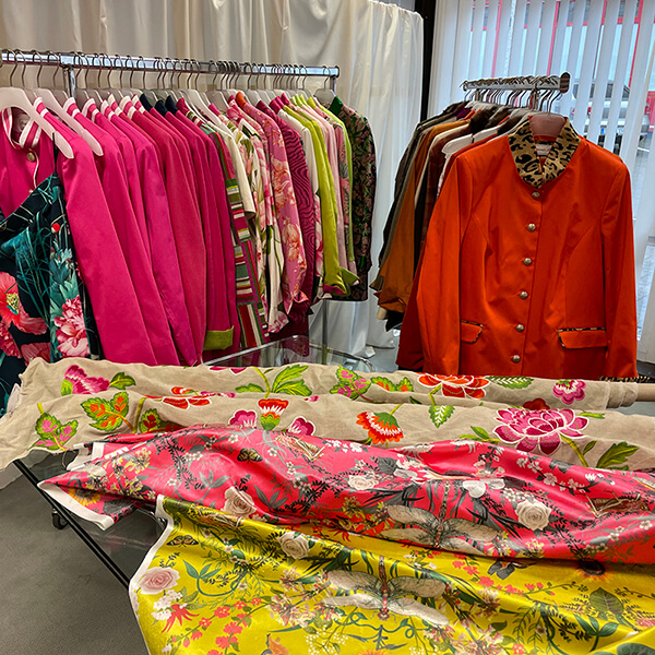Außerdem präsentieren und verkaufen wir unsere Mode auch auf Veranstaltungen, wie Landpartien, in Hotels und auf Messen.
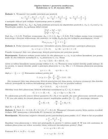 Algebra liniowa i geometria analityczna, Kolokwium nr 3, 25 stycznia 2011r. Zadanie 1. Wyznaczyć trzy punkty przecięcia par prostych x−1 y−1 z−1 x−1 y−1 z l1 : = = , l2 : = = , 0 0 1 0 1 0 a następnie obliczyć pole trójkąta wyznaczonego przez te punkty. l3 : x−1 y z = = , 0 1 1 Rozwiązanie. Niech A12 , A13 i A23 będą punktami przecięcia się odpowiednio prostych l1 i l2 , l1 i l3 oraz l2 i l3 . Współrzędne punktu A12 spełniają układ równań ( x−1 0 x−1 0 = = y−1 0 y−1 1 = z−1 1 , z = 0. Stąd A12 = (1, 1, 0). Podobnie wyznaczamy A13 = (1, 1, 1), A23 = (1, 0, 0). Pole trójkąta można teraz wyznaczyć, korzystając z iloczynu wektorowego, lub zauważyć, że trójką A12 A13 A23 jest trójkątem prostokątnym i wtedy 1 1 P∆A12 A13 A23 = · 1 · 1 = . 2 2 Zadanie 2. Podać równanie parametryczne i kierunkowe prostej, która powstaje z przecięcia płaszczyzn π1 : x + y + z + 3 = 0, π2 : 2x − y + 2z + 1 = 0. Ponadto wyznaczyć dwie inne płaszczyzny, których przecięciem jest powyższa prosta. Rozwiązanie. Ponieważ szukana prosta należy do obu płaszczyzn π1 i π2 , to jej wektor kierunkowy jest prostopadły do obu wektorów normalnych n1 , n2 płaszczyzn π1 i π2 . Mamy n1 × n2 = (3, 0, −3) = 3(1, 0, −1). zatem za wektor kierunkowy można przyjąć wektor (1, 0, −1). Wystarczy teraz znaleźć dowolny punkt należący do tej prostej, to znaczy dowolny punkt z przecięcia płaszczyzn π1 i π2 . Dla x = 0 równania płaszczyzn przyjmują postać y + z = −3, −y + 2z = −1, skąd y = − 35 , z = − 34 . Równaniem szukanej prostej jest 5 4 l : (x, y, z) = 0, − , − + (1, 0, −1)t. 3 3 Aby wyznaczyć dwie inne płaszczyzny, których przecięciem jest dana prosta, wystarczy wyznaczyć dwa dowolne wektory prostopadłe do wektora kierunkowego prostej. Mogą to być na przykład wektory n01 = (1, 0, 1), n02 = (1, 2, 1). Określmy teraz dwie płaszczyzny, których wektorami normalnymi są n01 i n02 , to znaczy π10 : x + z + D1 = 0, π20 : x + 2y + z + D2 = 0. Do zakończenia potrzeba jeszcze dobrać parametry D1 i D2 w ten sposób, aby nowe płaszczyzny zawierały prostą 5 4 l. W tym calu należy do równań płaszczyzn wstawić współrzędne punktu 0, − 3 , − 3 , otrzymując równania 4 − + D1 = 0, 3 skąd D1 = 43 , D2 = − 10 4 − + D2 = 0, 3 3 14 3 . Zadanie 3. Niech A = (1, 2, 3), B = (1, 1, 1), C = (0, 1, 0). Wyznaczyć równanie prostej, która zawiera wysokość trójkąta ABC opuszczoną z wierzchołka B i wyznaczyć jej długość. Rozwiązanie. Wyznaczmy najpierw równanie prostej przechodzącej przez punkty A i C. Może to być na przykład x y−1 z l: = = . 1 1 3 Znajdźmy teraz płaszczyznę π, która jest prostopadła do prostej l i zawiera punkt B. W tym celu zauważmy, że szukana płaszczyzna ma wektor normalny równy wektorowi kierunkowemu prostej l. Stąd π : x + y + 3z + D = 0. Ponieważ B ∈ π, to D = −5, czyli π : x + y + 3z − 5 = 0. Wystarczy teraz znaleźć punkt przecięcia prostej l i płaszczyzny π. Prosta l ma równanie parametryczne l: x = t, y = 1 + t, z = 3t. Zatem po wstawieniu do równania płaszczyzny, otrzymujemy 11t − 4 = 0, skąd t = 4 11 . Szukanym punktem l ∩ π jest 4 15 12 11 , 11 , 11 . Zatem prosta zawierająca wysokość trójkąta ABC opusz- czoną z wierzchołka B jest prostą przechodzącą przez punkt B oraz 4 15 12 11 , 11 , 11 , to znaczy 7 −4 −1 t. , , 11 11 11 Długość wysokości jest oczywiście równa odległości powyższych punktów. (x, y, z) = (1, 1, 1) + Zadanie 4. Wyznaczyć punkt na prostej l: x y+7 z−1 = = , 1 2 1 który leży najbliżej punktu (3, 2, 6). Rozwiązanie. Uwaga. Zadanie to można rozwiązać niemal identycznie jak zadanie 3. Można również posłużyć się iloczynem skalarnym wektorów aby wyznaczyć rzut punktu (3, 2, 6) na prostą l. 13 5 16 Szukanym punktem jest 3 , 3 , 3 . Zadanie 5. Przez punkt przecięcia płaszczyzny π :x+y+z−1=0 z prostą l: x = t, y = 1, z = −1, poprowadzić prostą, która leży w płaszczyźnie π i jest prostopadła do prostej l. Rozwiązanie. Wektor kierunkowy v szukanej prostej musi być prostopadły do wektora normalnego płaszczyzny π oraz do wektora kierunkowego prostej l. Stąd v = (1, 1, 1) × (1, 0, 0) = (0, 1, −1). Wystarczy jeszcze znaleźć punkt przecięcia płaszczyzny π prostą l. Wstawiając równania parametryczne prostej do równania płaszczyzny, otrzymujemy t − 1 = 0. Zatem t = 1 i π ∩ l = (1, 1, −1), co oznacza, że szukaną prostą jest x = 1, y = 1 + t, z = −1 − t.
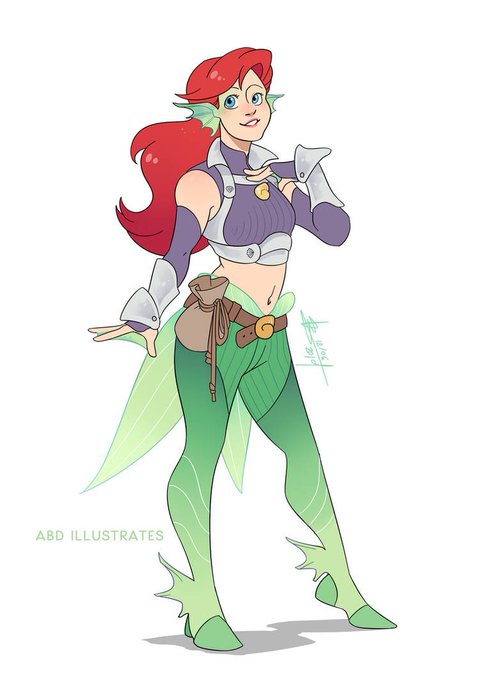@Nawniii Here’s my Oc Finn, I imagine she’s like a Triton from Dnd in her appearance. Kinda like this drawing from the YouTuber @AlexBDent did of Ariel in Dnd.
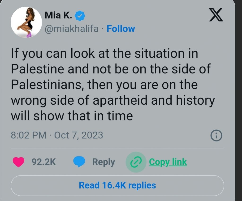 Sejak serangan Hamas beberapa hari lalu, Mia Khalifa sangat vokal untuk memberi dukungan pada Palestina pada akun X miliknya, @miakhalifa. Cuitan ini ia bagikan kepada 5,6 juta pengikutnya.

About this exercise: Would you copy all of the data exactly? Keep the pictures out of it.

Written solution:
Außerdem präsentieren und verkaufen wir unsere Mode auch auf Veranstaltungen, wie Landpartien, in Hotels und auf Messen.
 Algebra liniowa i geometria analityczna, Kolokwium nr 3, 25 stycznia 2011r. Zadanie 1. Wyznaczyć trzy punkty przecięcia par prostych x−1 y−1 z−1 x−1 y−1 z l1 : = = , l2 : = = , 0 0 1 0 1 0 a następnie obliczyć pole trójkąta wyznaczonego przez te punkty. l3 : x−1 y z = = , 0 1 1 Rozwiązanie. Niech A12 , A13 i A23 będą punktami przecięcia się odpowiednio prostych l1 i l2 , l1 i l3 oraz l2 i l3 . Współrzędne punktu A12 spełniają układ równań ( x−1 0 x−1 0 = = y−1 0 y−1 1 = z−1 1 , z = 0. Stąd A12 = (1, 1, 0). Podobnie wyznaczamy A13 = (1, 1, 1), A23 = (1, 0, 0). Pole trójkąta można teraz wyznaczyć, korzystając z iloczynu wektorowego, lub zauważyć, że trójką A12 A13 A23 jest trójkątem prostokątnym i wtedy 1 1 P∆A12 A13 A23 = · 1 · 1 = . 2 2 Zadanie 2. Podać równanie parametryczne i kierunkowe prostej, która powstaje z przecięcia płaszczyzn π1 : x + y + z + 3 = 0, π2 : 2x − y + 2z + 1 = 0. Ponadto wyznaczyć dwie inne płaszczyzny, których przecięciem jest powyższa prosta. Rozwiązanie. Ponieważ szukana prosta należy do obu płaszczyzn π1 i π2 , to jej wektor kierunkowy jest prostopadły do obu wektorów normalnych n1 , n2 płaszczyzn π1 i π2 . Mamy n1 × n2 = (3, 0, −3) = 3(1, 0, −1). zatem za wektor kierunkowy można przyjąć wektor (1, 0, −1). Wystarczy teraz znaleźć dowolny punkt należący do tej prostej, to znaczy dowolny punkt z przecięcia płaszczyzn π1 i π2 . Dla x = 0 równania płaszczyzn przyjmują postać y + z = −3, −y + 2z = −1, skąd y = − 35 , z = − 34 . Równaniem szukanej prostej jest 5 4 l : (x, y, z) = 0, − , − + (1, 0, −1)t. 3 3 Aby wyznaczyć dwie inne płaszczyzny, których przecięciem jest dana prosta, wystarczy wyznaczyć dwa dowolne wektory prostopadłe do wektora kierunkowego prostej. Mogą to być na przykład wektory n01 = (1, 0, 1), n02 = (1, 2, 1). Określmy teraz dwie płaszczyzny, których wektorami normalnymi są n01 i n02 , to znaczy π10 : x + z + D1 = 0, π20 : x + 2y + z + D2 = 0. Do zakończenia potrzeba jeszcze dobrać parametry D1 i D2 w ten sposób, aby nowe płaszczyzny zawierały prostą 5 4 l. W tym calu należy do równań płaszczyzn wstawić współrzędne punktu 0, − 3 , − 3 , otrzymując równania 4 − + D1 = 0, 3 skąd D1 = 43 , D2 = − 10 4 − + D2 = 0, 3 3 14 3 . Zadanie 3. Niech A = (1, 2, 3), B = (1, 1, 1), C = (0, 1, 0). Wyznaczyć równanie prostej, która zawiera wysokość trójkąta ABC opuszczoną z wierzchołka B i wyznaczyć jej długość. Rozwiązanie. Wyznaczmy najpierw równanie prostej przechodzącej przez punkty A i C. Może to być na przykład x y−1 z l: = = . 1 1 3 Znajdźmy teraz płaszczyznę π, która jest prostopadła do prostej l i zawiera punkt B. W tym celu zauważmy, że szukana płaszczyzna ma wektor normalny równy wektorowi kierunkowemu prostej l. Stąd π : x + y + 3z + D = 0. Ponieważ B ∈ π, to D = −5, czyli π : x + y + 3z − 5 = 0. Wystarczy teraz znaleźć punkt przecięcia prostej l i płaszczyzny π. Prosta l ma równanie parametryczne l: x = t, y = 1 + t, z = 3t. Zatem po wstawieniu do równania płaszczyzny, otrzymujemy 11t − 4 = 0, skąd t = 4 11 . Szukanym punktem l ∩ π jest 4 15 12 11 , 11 , 11 . Zatem prosta zawierająca wysokość trójkąta ABC opusz- czoną z wierzchołka B jest prostą przechodzącą przez punkt B oraz 4 15 12 11 , 11 , 11 , to znaczy 7 −4 −1 t. , , 11 11 11 Długość wysokości jest oczywiście równa odległości powyższych punktów. (x, y, z) = (1, 1, 1) + Zadanie 4. Wyznaczyć punkt na prostej l: x y+7 z−1 = = , 1 2 1 który leży najbliżej punktu (3, 2, 6). Rozwiązanie. Uwaga. Zadanie to można rozwiązać niemal identycznie jak zadanie 3. Można również posłużyć się iloczynem skalarnym wektorów aby wyznaczyć rzut punktu (3, 2, 6) na prostą l. 13 5 16 Szukanym punktem jest 3 , 3 , 3 . Zadanie 5. Przez punkt przecięcia płaszczyzny π :x+y+z−1=0 z prostą l: x = t, y = 1, z = −1, poprowadzić prostą, która leży w płaszczyźnie π i jest prostopadła do prostej l. Rozwiązanie. Wektor kierunkowy v szukanej prostej musi być prostopadły do wektora normalnego płaszczyzny π oraz do wektora kierunkowego prostej l. Stąd v = (1, 1, 1) × (1, 0, 0) = (0, 1, −1). Wystarczy jeszcze znaleźć punkt przecięcia płaszczyzny π prostą l. Wstawiając równania parametryczne prostej do równania płaszczyzny, otrzymujemy t − 1 = 0. Zatem t = 1 i π ∩ l = (1, 1, −1), co oznacza, że szukaną prostą jest x = 1, y = 1 + t, z = −1 − t.
@Nawniii Here’s my Oc Finn, I imagine she’s like a Triton from Dnd in her appearance. Kinda like this drawing from the YouTuber @AlexBDent did of Ariel in Dnd.
 Sejak serangan Hamas beberapa hari lalu, Mia Khalifa sangat vokal untuk memberi dukungan pada Palestina pada akun X miliknya, @miakhalifa. Cuitan ini ia bagikan kepada 5,6 juta pengikutnya.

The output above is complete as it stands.